Why Claude Skills matter

Claude Skills is a feature set from Anthropic that transforms how agents consume and apply procedural knowledge. Instead of scattering tool descriptions, ad-hoc prompts, and helper code across the conversation context, Claude Skills let you package an entire workflow into a directory with a single authoritative skill.md plus supporting files. The result is a defined specialist: an agent that recognizes when a skill is relevant, loads a compact summary, and progressively reveals the detailed instructions and programmatic resources only when required.

I see three immediate value propositions in this design:

  • Deterministic operational SOPs: Skills encode step-by-step instructions, I/O formats and examples in one place so the agent executes predictable sequences.
  • Context-efficient specialization: Skills use progressive disclosure to keep the main context lightweight until the agent decides to use the skill.
  • Composability with existing agent primitives: Skills can embed subagents and MCP servers, so you keep the power of external tools while operating within a structured workflow.
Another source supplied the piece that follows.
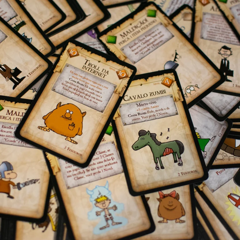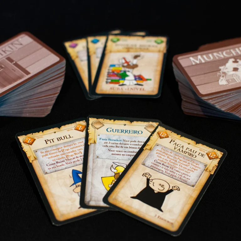 Munchkin é um jogo de cartas divertido e estratégico, perfeito para amantes de RPG que gostam de aventura e intrigas.

In short, Claude Skills are a packaging format for operational expertise that emphasizes repeatable workflows and context management.

Anatomy of a Claude Skill

A Claude Skill is a folder that contains a canonical instruction file (skill.md) plus any number of supporting resources (code, docs, examples). The skill.md is the fulcrum: it contains the metadata, capability descriptions, input/output formats, usage examples, and references to the accompanying files.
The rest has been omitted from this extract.